En esa desorientación cala en todos los ámbitos, también en el educativo, el mensaje de que todo es demasiado complejo para ser entendido. Y que, en cualquier caso, las posibles explicaciones tienen fecha de caducidad.
Nos hemos instalado en la obviedad de la incertidumbre. Todo es incierto, complejo, demasiado rápido… Y en vez de buscar las herramientas para poder leer lo que ocurre, para descifrar la realidad, nos resignamos a buscar respuestas eficaces al cambio permanente y a entrenarnos para este objetivo. La realidad como cambio permanente es una definición vacía de valores, relaciones, afectos, propósitos. Y deriva en una educación meramente adaptativa.
Hemos convertido el debate pedagógico en rivalidad y conflicto entre recetas superficiales
Se impone en la escuela la idea de que una transformación profunda no es viable. Que a lo máximo que podemos aspirar es a acatar eso que llamas servidumbre adaptativa ante un mundo en el que la obsolescencia y la incertidumbre son las norma.

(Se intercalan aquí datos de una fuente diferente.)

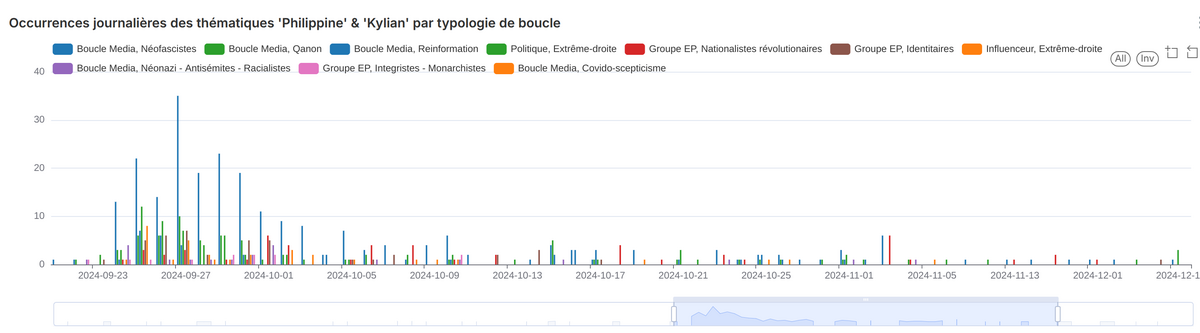 Pour l’affaire « Philippine » on observe encore les mêmes symptômes avec un premier message de « fdesoucheofficiel » le 22 septembre 2024 à 12:42. Dans la journée, puis le lendemain l’affaire commence à être reprise par la boucle QAnon « reveuseeveillee », le « Parti de la France » et son président « Thomas Joly ». Le surlendemain la mèche est allumée et tourne dans les fils néofascistes avec une reprise par « MarionMarechal » et « DamienRieu ».

La noción de servidumbre adaptativa es clave para entender por qué ya no estamos en relaciones de obediencia mecánica. Es cierto que se mantienen algunas pautas rígidas: horarios, franjas de edad… Pero lo importante es que se intenta reducir nuestra capacidad de aprendizaje a una flexibilidad codificada que aspira a soluciones inmediatas.
Para el alumno se trata de una mensaje descorazonador: todo cambia, pero tú no puedes cambiar nada.
Hace un par de años unas alumnas de bachillerato me preguntaron: «¿Cómo podemos comprometernos con nuestro futuro?». Les respondí que comprometiéndose con su presente. Pero parece que el presente está anulado, que no es más que un tránsito, un lugar de circulación. Lo que esta actividad adaptativa no permite percibir es la relación causal entre presente y futuro, precisamente porque se da por hecho que tú no vas a causar nada: eres una función de ese cambio, no un agente del mismo, un sujeto político.
El dogma de la flexibilidad se plantea ante todo en términos laborales: éxito educativo significa convertirse en un trabajador que sepa adaptarse para mejorar sin límites su rendimiento. Y el que no lo logre será, como dices, un residuo.
La gran tensión dinámica se produce entre dos polos: potencial y residuo. Vales mientras puedas renovar, actualizar, maximizar tu potencial. Cuanto más lejos estés de lograrlo —ya sea por factores de origen, clase, raza, género, edad…— más residualidad acumulas. Muchos jóvenes sienten que no tienen ni siquiera una primera partida en este juego de las oportunidades.